Financial Transformation needs to Enable Business Agility
I have discovered the same thing in my discussions with IT organizations. In other words, enabling business strategies increasingly need to be built with a notion of agility. This means for financial strategies that they to need to first and foremost make organizations more agile and enable more continuous business change. Think about the impact of an organization that has as part of its strategy inorganic acquisition. This all means that thinking that a multi-year ERP implementations will on it’s own deliver financial transformation alone is unrealistic.
While it is absolutely fair to determine what at the manual tasks financial teams can eliminate, it does not make sense to think that they are done once an ERP implementation is completed. Recently, I was talking with a large accounting consulting and integration firm, they let me know that they really liked doing large ERP implementations and re-implementations, but they also knew that they would soon break under the weight of financial and business change unless flexibility was built in from the start. Financial transformation must start by creating business flexibility and agility to work in today’s business environment.
Does Your Close Process Get in the Way?
But achieving better financial agility and profitability improvement capabilities is often limited by the timeliness, trustworthiness of data. This why CFOs say that they spend so much of their time on the close process. According to the MIT CFO Summit Survey, nearly half of the organizations surveyed are feeling pressure from senior leadership to become more data driven and analytical. Data clearly limits the finance function ability to guide corporate executives, business-unit managers, and sales and marketing functions in ways to ensures business profitable and growth.
Financial Transformations Need to Fit Business Strategy
At the same time, it cannot be stressed enough that successful financial transformations need to be designed to fit with the company’s larger business strategy. The Conference Board suggests financial organizations should put real emphasis upon transformations that grow the business. Jonathan Brynes at the MIT Sloan School has suggested “the most important issue facing most managers …is making more money from their existing businesses without costly new initiatives”. In Brynes’ cross industry research, he found that 30% or higher of each company’s businesses are unprofitable. Brynes claims these business losses are offset by what are “islands of high profitability”. The root cause of this issue he asserts is the inability of current financial and management control systems to surface profitability problems and opportunities for investment to accelerate growth. For this reason, financial transformations should as a business goal make it easier to evaluate business profitability.
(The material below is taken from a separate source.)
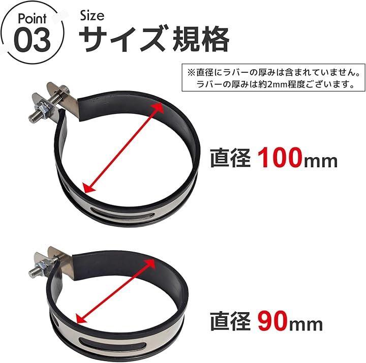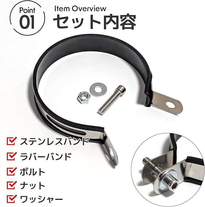 「セット内容」ステンレスバンド、保護用ラバーバンド、ボルト、ワッシャー、ナット。

In a survey from CFO magazine, they found that nearly all the survey respondents said their companies are striving to improve profitability over the next year. 87% said their companies needed to analyze financial and performance data much more quickly if they were to meet business targets. However, only 12% said their finance organizations can respond to requests for financial reports and analysis from business managers in real or near-real time. At the same time, business managers are expecting finance staff to be able to tell the story behind the numbers — to integrate financial and operational data in ways that get at the drivers of improvement.
We Are Talking About More than Financial Decision Making
This means not just worrying about financial decision making, but ensuring that the right questions and the right insights are being provided for the business. As Geoffrey Moore has indicated economies of scale and market clout are no longer the formidable barriers to entry that they once were. The allocation of resources must be focused on a company’s most distinctive business capabilities—those things that provide the enterprise its “right to win”. To be a strategic, CFOs need to become a critical champion of the capabilities system, making sure it gets the investment and consideration it needs. This accentuates your ongoing role as a voice of reason in M&A—favoring acquisitions that fit well with the company’s capabilities system, and recommending divestitures of products and services that don’t.
Parting Remarks
Today, the CFO role is being transformed to increasingly be a catalyst for change. This involves increasingly helping companies focus upon the business capabilities that drive value. CFOs are uniquely positioned to take on this challenge. They are the company leader that combines strategic insight with a line of sight into business execution. Moreover, unlike other change agents, CFOs have the power of the purse. However, to do this their financial transformations need to ensure business agility and improve their and the businesses ability to get and use data.